How slowly can a series grow to be convergent?

This may be a poorly worded question, but I hope to flesh out my ideas well. The takeaway here is this: some series diverge to infinity while others converge to a fixed value. Take the two classical examples: the harmonic series and the Basel Problem

$$\displaystyle\sum_{n=1}^\infty \frac{1}{n}= \infty \, , \hspace{0.6cm} \displaystyle\sum_{n=1}^\infty\frac{1}{n^2} = \frac{\pi^2}{6}$$

On one end, we have a divergent series, whereas on the other end, we have a convergent series, both series of which seem eerily similar, except for the square in the latter. A question I might raise would be: at what "rate of growth" (loosely speaking) does a series have to grow to tip over from the point of convergence to sudden, chaotic divergence?

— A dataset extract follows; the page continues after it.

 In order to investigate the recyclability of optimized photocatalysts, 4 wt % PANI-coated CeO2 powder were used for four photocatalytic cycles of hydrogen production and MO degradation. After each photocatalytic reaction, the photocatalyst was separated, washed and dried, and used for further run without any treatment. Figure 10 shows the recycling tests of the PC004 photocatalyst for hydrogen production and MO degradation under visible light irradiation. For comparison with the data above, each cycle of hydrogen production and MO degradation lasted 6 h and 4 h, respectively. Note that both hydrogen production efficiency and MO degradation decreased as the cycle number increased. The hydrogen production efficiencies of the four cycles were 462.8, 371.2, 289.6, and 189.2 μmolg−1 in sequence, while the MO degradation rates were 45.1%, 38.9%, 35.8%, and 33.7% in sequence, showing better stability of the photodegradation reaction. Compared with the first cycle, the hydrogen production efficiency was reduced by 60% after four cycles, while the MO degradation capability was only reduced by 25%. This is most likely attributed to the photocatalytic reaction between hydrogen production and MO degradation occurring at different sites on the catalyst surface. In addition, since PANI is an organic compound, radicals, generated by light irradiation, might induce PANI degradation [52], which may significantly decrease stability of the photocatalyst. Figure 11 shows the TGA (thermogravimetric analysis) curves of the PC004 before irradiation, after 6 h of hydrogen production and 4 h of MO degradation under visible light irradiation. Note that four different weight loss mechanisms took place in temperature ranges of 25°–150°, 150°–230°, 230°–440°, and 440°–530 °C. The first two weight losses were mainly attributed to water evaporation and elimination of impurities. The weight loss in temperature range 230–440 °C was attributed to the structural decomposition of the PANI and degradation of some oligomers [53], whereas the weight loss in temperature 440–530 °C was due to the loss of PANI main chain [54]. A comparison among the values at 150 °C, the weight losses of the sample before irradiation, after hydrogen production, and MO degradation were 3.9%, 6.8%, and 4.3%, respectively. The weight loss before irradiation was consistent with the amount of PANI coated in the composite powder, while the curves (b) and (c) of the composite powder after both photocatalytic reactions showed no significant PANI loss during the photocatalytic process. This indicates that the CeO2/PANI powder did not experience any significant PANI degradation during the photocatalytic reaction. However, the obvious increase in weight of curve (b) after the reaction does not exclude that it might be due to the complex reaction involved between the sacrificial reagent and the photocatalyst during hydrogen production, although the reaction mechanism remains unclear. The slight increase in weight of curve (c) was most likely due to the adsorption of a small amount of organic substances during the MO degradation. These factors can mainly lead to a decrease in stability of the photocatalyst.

Yes, in Calculus, you learn about various convergence tests that allow one to test whether a given series is convergent, but I am wondering if there is a famous "rate of growth" that a series must "exceed" in order to indisputably diverge.

Solution 1:

It turns out that there is no perfect dividing line: given any convergent series (of positive terms), one can find another convergent series whose terms grow faster, while given any divergent series, one can find another divergent series whose terms grow slower.

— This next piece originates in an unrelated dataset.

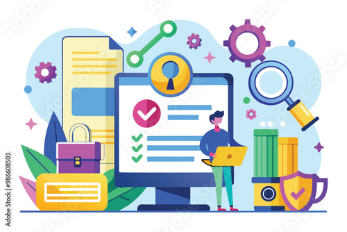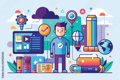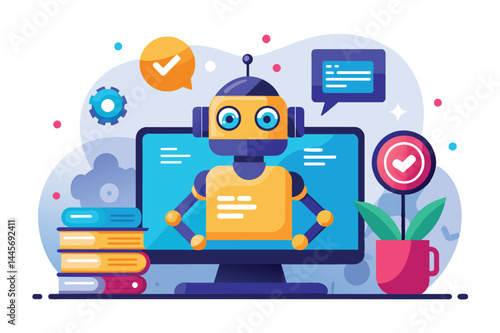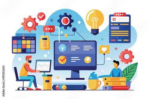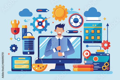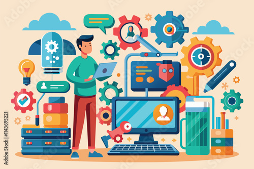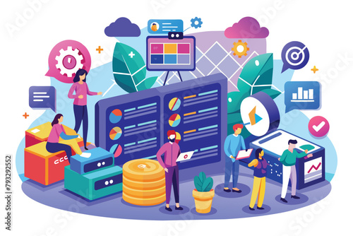 Vector illustration of big mobile phone and characters texting messages using laptop, tablet. Online communication, virtual relationships and social networking concepts for web banner, website page.

However, for practical purposes, it can be helpful to note that the series $$ \sum_{n=2}^\infty \frac1{n\log n},\; \sum_{n=3}^\infty \frac1{n\log n\log\log n},\; \sum_{n=16}^\infty \frac1{n\log n\log\log n\log\log\log n},\; \dots $$ all diverge, while the series $$ \sum_{n=2}^\infty \frac1{n(\log n)^{1+\varepsilon}},\; \sum_{n=3}^\infty \frac1{n\log n(\log\log n)^{1+\varepsilon}},\; \sum_{n=16}^\infty \frac1{n\log n\log\log n(\log\log\log n)^{1+\varepsilon}},\; \dots $$ all converge for every $\varepsilon>0$. (You can verify these assertions all using the Integral Test!)